Find the minimum value of \frac{x^2}{x - 1 + x^3} for x > 1
We start by getting a common denominator, to rewrite the denominator of the expression $\frac{x^2}{x-1+x^3}$. Combining like terms, we get \[
\begin{aligned} x-1 + x^3 &= -1+x+x^3 \\&= -1+x^3+x. \end{aligned}
\]Using the Simon's Favorite Factoring Trick, we add and subtract 1 to obtain \[
\begin{aligned} -1+x^3+x &= -1+1+x+x^3 \\ &= (x^3+x) + 1 + (-1) \\ &= x^2(x) + x^2(1/x) +1 +(-1). \end{aligned}
\]Using this factorization, we rewrite the original expression as \[
\frac{x^2}{-1+x^3+x} = \frac{x^2(x)}{-1+x^3+x} = \frac{x^3}{x^3 + x + (-1)}.

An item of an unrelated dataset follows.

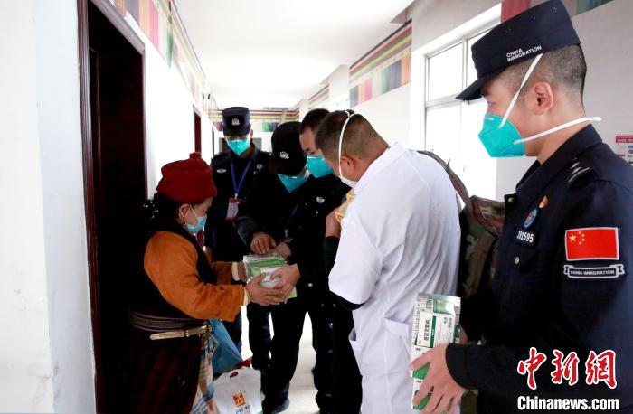 移民管理警察為駐地敬老院尼瑪頓珠老人解說腸胃藥的服用說明。 肖富貴 攝

\]We can then rewrite the fraction as \[
\frac{x^3}{x^3 + x + (-1)} = \frac{x^3 + x + (-1) - (x+(-1))}{x^3 + x + (-1)} = \frac{x^3 + x + (-1)}{x^3 + x + (-1)} - \frac{x+(-1)}{x^3 + x + (-1)}.
\]Simplifying, we get \[
\frac{x^3 + x + (-1)}{x^3 + x + (-1)} - \frac{x+(-1)}{x^3 + x + (-1)} = 1 - \frac{x+(-1)}{x^3 + x + (-1)}.
\]Notice that the denominator of $1$ is positive for $x >1 ,$ and we know that $x + (-1)>0$ since $x > 1$. Hence $1 - \frac{x+(-1)}{x^3 + x + (-1)} > 1-1 = 0$ for $x > 1$. This means that for all $x>1$, $\frac{x^2}{x-1+x^3} = 1 - \frac{x+(-1)}{x^3 + x + (-1)} > 0$.
We can actually compute the value of this expression as $\boxed{0}$. (Notice that as $x\to 1^+$, the expression grows arbitrarily large.)